- **PROBLEM TO WORK ON**:
Retype the opening lines of the data exactly, stopping after the line that contains "Small town diner". Skip every picture.

--- DATASET RECORDS ---

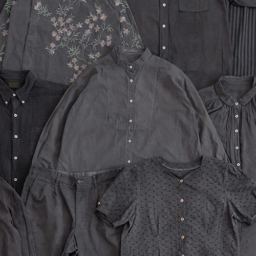 年2回(SPRING/SUMMER、AUTUMN/WINTER)は、その季節だけの「シーズンカラー」と定番「黒」「紺」の3色から染め色が選べます。そのほかにも、天然染料や個性豊かな染色技法をセレクトした特別染めも行っています。
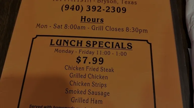 Small town diner with Mexican food. I actually wish I had tried the Mexican food. I had sliced brisket sandwich. It wasn't sliced but instead was chunks in a way too sweet catsup-tasting sauce. I'd call the brisket mediocre at best. This is texas, after all. If you are going to barbecue you'd better be great. My husband had chicken fried steak lunch special. He said it was very good except the mashed potatoes tasted instant ant the cornbread was thick fluffy and sweet. As a southerner, I don't do sweet cornbread. Overall I'd say this place was just ok. Doubt I'd stop here again.
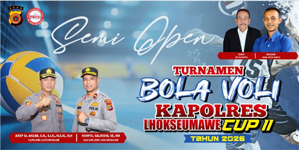 LHOKSEUMAWE – Turnamen voli bergengsi Kapolres Lhokseumawe Cup II resmi bergulir malam ini, Jumat (3/4/2026). Laga pembuka langsung menyajikan duel panas antara Yanco VC Muara Satu Kota Lhokseumawe melawan tuan rumah Meurah Mulia VC Aceh Utara.
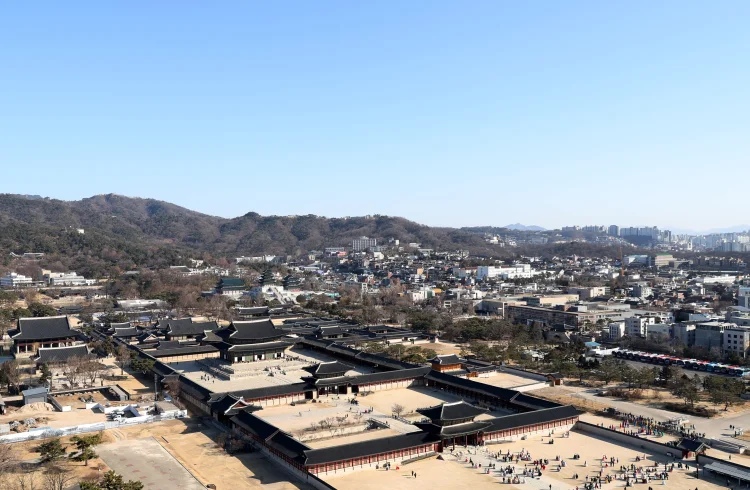 맑고 청명한 날씨를 보인 23일 오전 서울 종로구 경복궁 위로 파란하늘이 보이고 있다. 26일 목요일은 낮 최고기온이 15도까지 오르며 포근하겠다. 다만 낮과 밤의 기온차가 크겠으니 건강관리에 유의해야겠다.
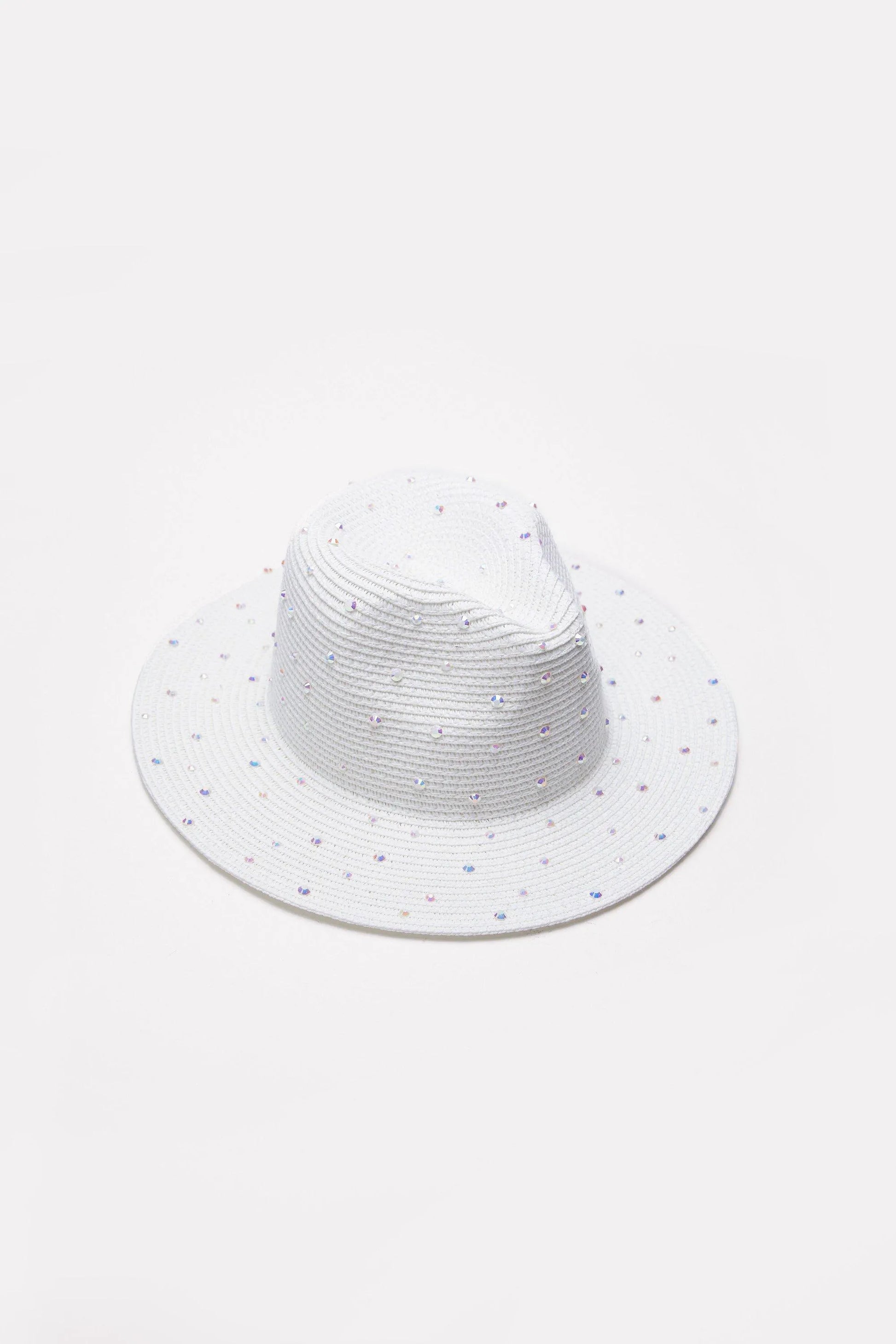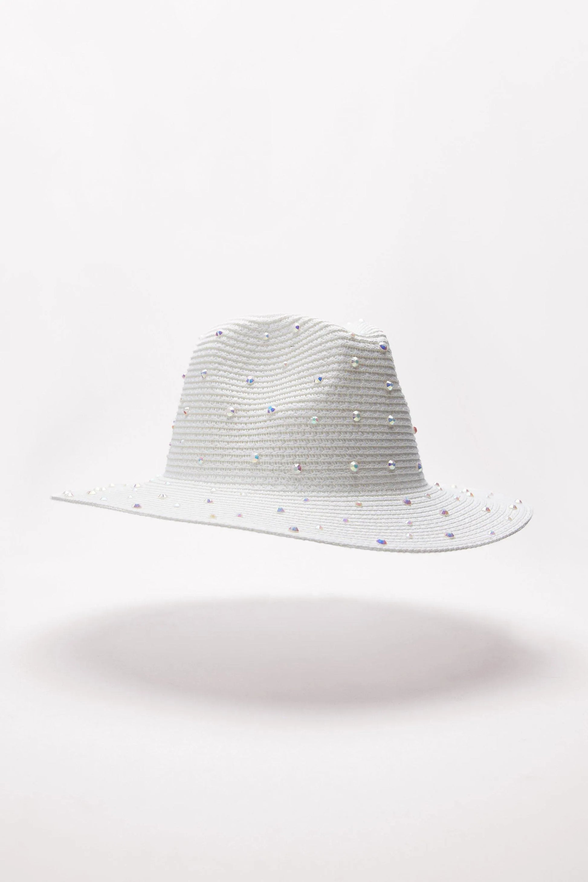Hopeful Moments White Pearl Raffia Fedora Hat
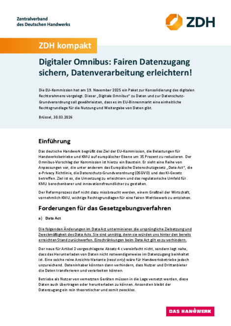 Das deutsche Handwerk begrüßt das Ziel der EU-Kommission, die Belastungen für Handwerksbetriebe und KMU auf europäischer Ebene um 35 Prozent zu reduzieren. Der Omnibus-Vorschlag der Kommission ist hierzu ein Baustein. Er sieht eine Reihe von Anpassungen vor, die unter anderem das Europäische Datenschutzgesetz “Data Act”, die
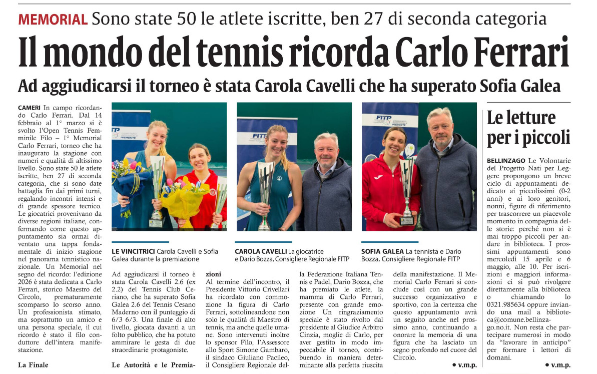 l Presidente e tutto l’ASD Tennis Club Cameri si congratulano con il nostro Vicepresidente Fabrizio Milani, che oggi all’AT Novara ha trionfato nel torneo TPRA! Un risultato che ci riempie d’orgoglio e che testimonia come impegno, passione e dedizione portino sempre grandi soddisfazioni. Ogni vittoria individuale è una vittoria di squadra: questo successo è anche il successo del nostro Club, che continua a crescere e a farsi conoscere con entusiasmo e determinazione. Bravo Fabrizio! Sei l’esempio di quanto il nostro Tennis Club sia vivo, forte e pronto a raggiungere sempre nuovi traguardi!

---

- **TASK RESPONSE**:
 年2回(SPRING/SUMMER、AUTUMN/WINTER)は、その季節だけの「シーズンカラー」と定番「黒」「紺」の3色から染め色が選べます。そのほかにも、天然染料や個性豊かな染色技法をセレクトした特別染めも行っています。
 Small town diner with Mexican food. I actually wish I had tried the Mexican food. I had sliced brisket sandwich. It wasn't sliced but instead was chunks in a way too sweet catsup-tasting sauce. I'd call the brisket mediocre at best. This is texas, after all. If you are going to barbecue you'd better be great. My husband had chicken fried steak lunch special. He said it was very good except the mashed potatoes tasted instant ant the cornbread was thick fluffy and sweet. As a southerner, I don't do sweet cornbread. Overall I'd say this place was just ok. Doubt I'd stop here again.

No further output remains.